The additional patch works properly against Samba and Windows servers. Thanks
(In reply to Ross Lagerwall from comment #19) Thanks for the testing ! I'm going to split out this patch to a separate bug, as it's a generic issue in the client code, not reconnect specific. I'll make this bug dependent on that new bug and submit both fixes for master then once they're in, get back-ports done. Cheers, Jeremy.
Created attachment 10898 [details] git-am cherry-pick from master for 4.2.next, 4.1.next. Applies cleanly to 4.2.next, 4.1.next - cherry-picked from master.
Comment on attachment 10898 [details] git-am cherry-pick from master for 4.2.next, 4.1.next. LGTM.
@Karolin, please merge to the maintenance branches.
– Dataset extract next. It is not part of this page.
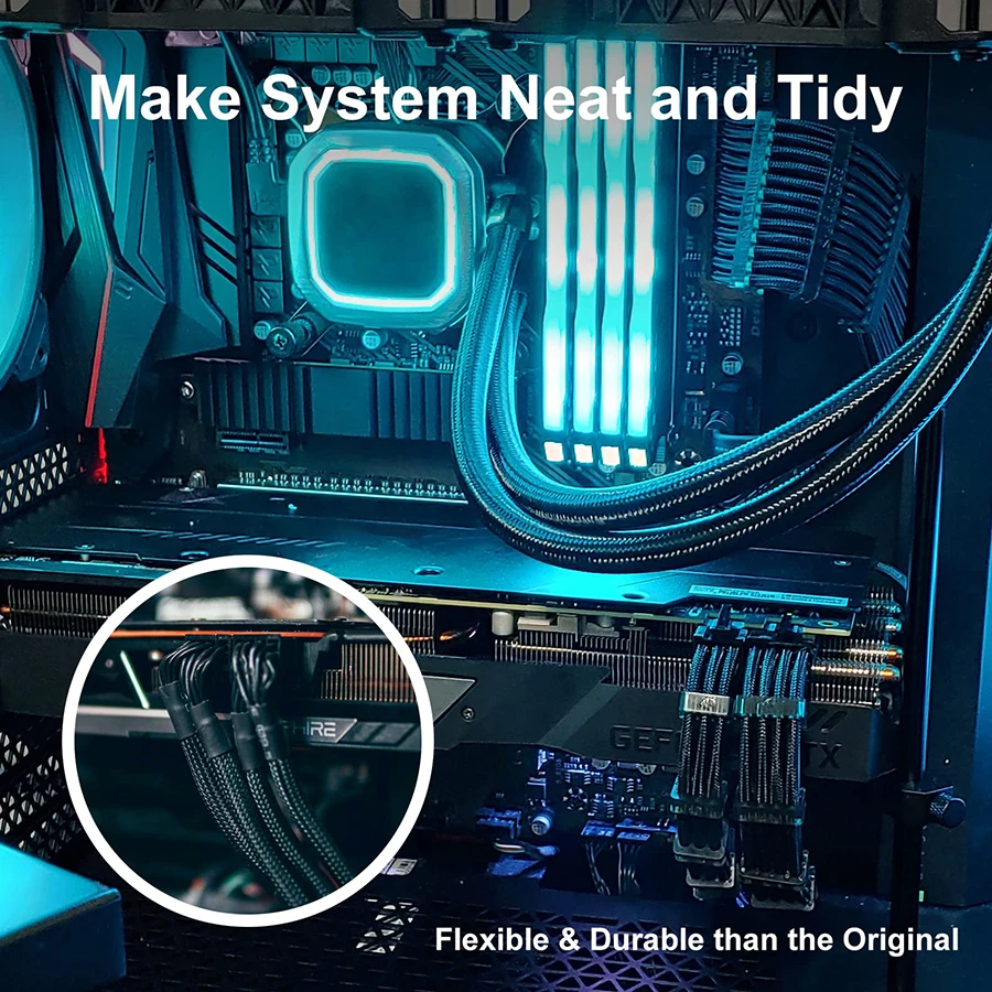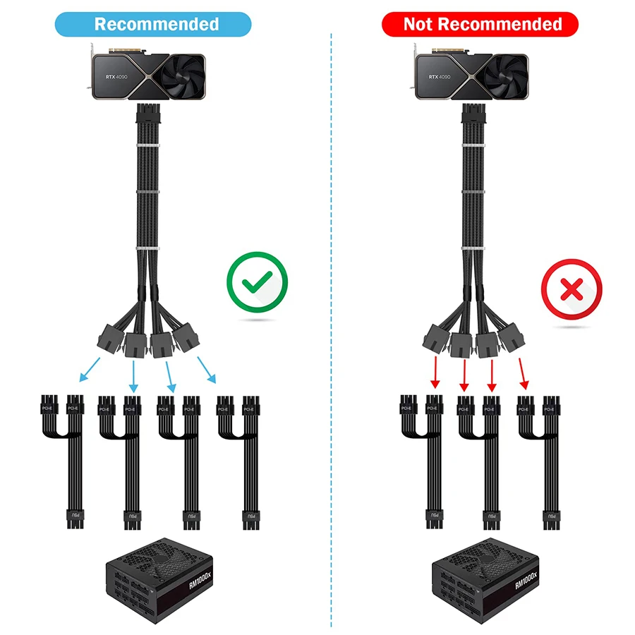 Fasgear PCIe 5,0 16(12 + 4)pin macho a 4X8(6 + 2)pin hembra cable de extensión de manga está diseñado para GeForce RTX 3090Ti, RTX 4080 y RTX 4090 GPU. Esto significa que este cable PSU puede extender la longitud y funcionar bien con el cable de alimentación original para obtener un rendimiento estable y confiable. Nota: Este cable extensor de manga GPU no es adecuado para GPU de 12pin GeForce RTX 3090 Series. Solo admite GPU hembra de 12 + 4 pines como las series RTX 3090Ti, RTX 4080, RTX 4090 y 4000.

Re-assigning to Karolin for inclusion in 4.2.next, 4.1.next. Note this also depends on the patch in bug #11173.
(In reply to Jeremy Allison from comment #24) One question regarding the changes. Will this patch work fine for SMBv2 negotiated connections as well ? Or we would to make a call to smb2cli_echo() after checking the protocol level of connection. Thanks, Har Gagan Sahai
cli_echo takes care of sending the echo over both SMB1 and SMB2, depending on what we're connected using, so it covers both cases..
Pushed to autobuild-v4-[1|2]-test.
(In reply to Jeremy Allison from comment #26) Thanks for the details.
(In reply to Karolin Seeger from comment #27) Pushed to both branches. Closing out bug report. Thanks!